Martin also felt “honored” to be one of the first students to participate in the program and “jumped” at the chance to use Ohio State’s TEMs. “This partnership really filled in some gaps of characterization techniques that were previously absent from the campus’s instrumentation,” he said. He has been interested in electron microscopy since his undergraduate days and owns four copies of Transmission Electron Microscopy: A Textbook for Material Science by David B. Williams and C. Barry Carter. Williams was the Dean of the College of Engineering at Ohio State University from 2011 to 2020.

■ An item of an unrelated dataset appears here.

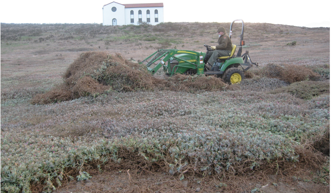
FIGURE 4 (top). Lobo Canyon on Santa Rosa Island in 2018 showing vegetation regrowth after the stream was declared “non-functional” in 1995 and the cattle were removed two years later. LARY M. DILSAVER
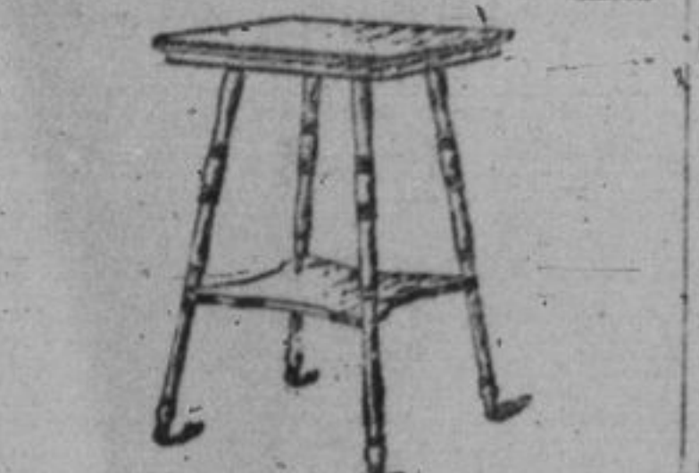
Tables for Hall, Parlor, Dining-room. Chairs to match.

Martin, who is primarily interested in carbon-based materials, hopes to use the instruments to effectively probe materials’ crystal structure and nanostructure. He is currently working with a carbon material that is a distinctive theoretical allotrope of carbon that has never been synthesized before and has proven to be difficult to characterize, due to the lack of protons and homogeneity. “Because of its lack of presence in literature and difficulty in characterizing via conventional means, I had to develop several digital models of my material and simulate its corresponding electron diffraction patterns,” he said. “Using these models alongside experimental electron diffraction, or SAED, I have been able to effectively characterize my material primarily based off the periodic spacings of placement of its atoms. So all in all, my research would not be what it is today without TEM as it is effectively the backbone of my research.” He hopes to better understand his material’s structure based on how electrons interact with or scatter from it.

Xu, whose lab research focuses on fullerenol, a spherical nanomaterial with 2 nm in diameter, pointed out that TEM is the only microscope capable of imaging his nanomaterials. While working with the instrument, he hopes to image and identify the elemental composition of his nanomaterials, as well as studying the uptake and localization of the nanomaterials inside of a cell. “We have been looking for a TEM to image our nanoparticles for a long time,” he said.

"I have been interested in TEM for a long time but never got a chance to use it,” said Xu. “This program offers me an opportunity to understand the working mechanism of TEM from very basic science and to actually operate the TEM to image samples. It is my pleasure to be in the first group of students to take part in the partnership.”

"The fact that these three students come from different departments, and have three different goals, highlights the versatility, value, and unique methods that the TEM makes possible,” said Carter.

During her PhD studies at Ohio State (2008-2012), Carter used several of the university’s TEMs, describing them as “some of the best in the country.” She never got to use most of the new instruments at CEMAS, having graduated six-months before the center was established at its new location on campus. She was inspired to start a partnership between the two universities because of an event that happened when she was a graduate student: a power outage at Wright Patterson Air Force Base damaged the facility’s TEM, so a temporary research station was set up to allow the base’s samples to be sent to Ohio State.